Sieg oder Tod

Kino im Guerillastil: Steven Soderbergh zeigt zweimal

zwei Stunden lang den Krieger

Ernesto »Che« Guevara

 

Nicht nur die kubanische Revolution hat mit den Jahren viel von ihrem Glanz verloren, sondern auch das Erbe des Befreiungskampfes. Niemand schwärmt für heutige Guerilleros, die radikal-religiöse Ziele verfolgen oder im Drogen- und Menschenhandel er­folgreichere Handlungsfelder se­hen als in der Politik. Da kann man sich trefflich streiten, ob eine epische Auseinandersetzung mit der revolutionären Ikone Ernesto Che Guevara überfällig oder gänz­lich aus der Zeit gefallen ist. Insbesondere, wenn sie sich wie in Steven Soderberghs zweiteiligem Film »Che« beinahe ausschließlich auf die minutiöse Rekonstruktion des bewaffneten Kampfes kon­zentriert.

In den beiden Teilen »Revolucion« und »Guerrilla« erzählt Soderbergh die großen Kriege Che Guevaras nach. Der erste führt ihn an der Seite Fidel Castros im Triumphzug nach Havanna, der zweite zeigt den gescheiterten Versuch, die kubanische Revolution nach Bolivien zu exportieren. Gemeinsam ergeben sie das Entweder/Oder von Guevaras Existenz. In »Revolucion« heißt es an entscheidender Stelle, für wahre Guerillakämpfer gibt es nur den Sieg oder den Tod.

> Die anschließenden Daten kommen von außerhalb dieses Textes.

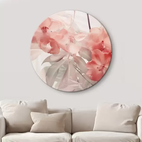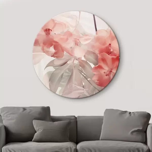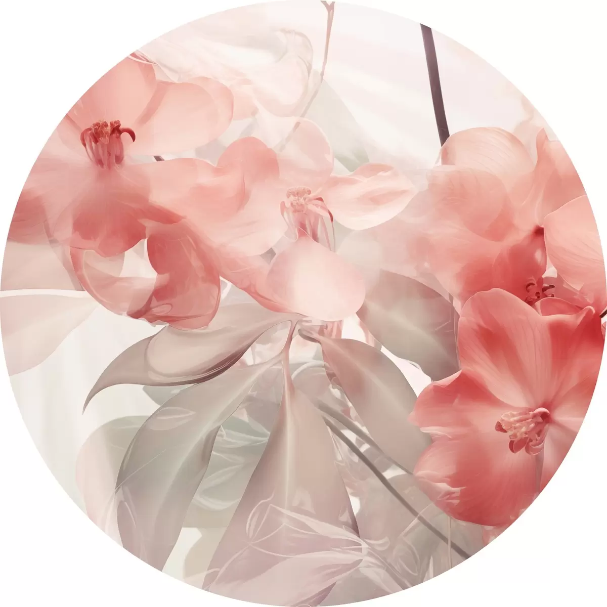 Tableaux ronds Des fleurs tropicales d'un rose éclatant et des feuilles d'un vert doux et discret, créant des textures délicates et rêveuses r44861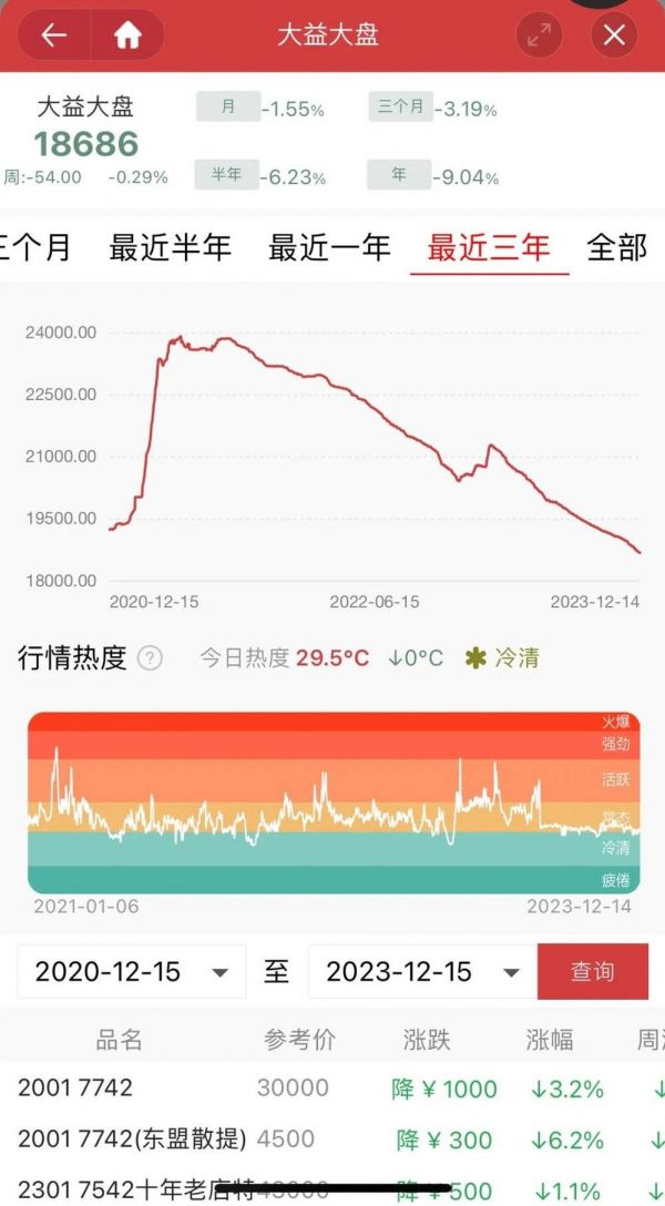 但随着大益茶的灵魂人物吴远之逝世、大益茶管控专营门店价格等系列措施,曾经被吴远之倾力打造“奢侈茶”的目标也逐渐混沌,接连两年,找找茶上大益茶的大盘指数连续下跌,跌幅超20%。一件茶一天能跌去上万元。

Che vereint beides in seiner Biografie, weshalb Soderbergh sein Leben konsequent auf diesen Gegensatz zuspitzt. Die jeweiligen Gründe für Triumph und Scheitern sind dabei schnell zusammengefasst: Auf Kuba gelang es den Revolutionären die Bevölkerung für sich zu gewinnen und das wachsende Heer freiwilliger Kämpfer mit straffer Disziplin zu führen; in Bolivien war nichts davon der Fall, vor allem, weil es dort keinen Fidel Castro gab.
Das erste, was man von Che Guevara sieht, sind seine schweren Stiefel. Dann schwebt gekräuselter Zigarrenrauch durchs Bild, gefolgt vom berühmtesten Fusselbart der jüngeren Geschichte. Soderbergh präsentiert die Insignien des Revolutionärs im betont übertriebenen Dokumentarstil, mit wackliger Handkamera, grobkörnigem Schwarzweiß-Film und etlichen Unschärfen, so als wollte er sich über die Ausbeutung des Mythos Che mokieren. Dem millionenfach reproduzierten Konterfei setzt Soderbergh dann ein Heldenbild entgegen, das sich jeder Festlegung entzieht. Bei ihm stapft Ernesto Guevara als unermüdlicher und mehr oder weniger vom Himmel gefallener Guerillero durch den Dschungel, er ist ein wahrer Krieger, dem die von Soderbergh selbst geführte Kame­ra allenfalls für Augenblicke von der Seite weicht.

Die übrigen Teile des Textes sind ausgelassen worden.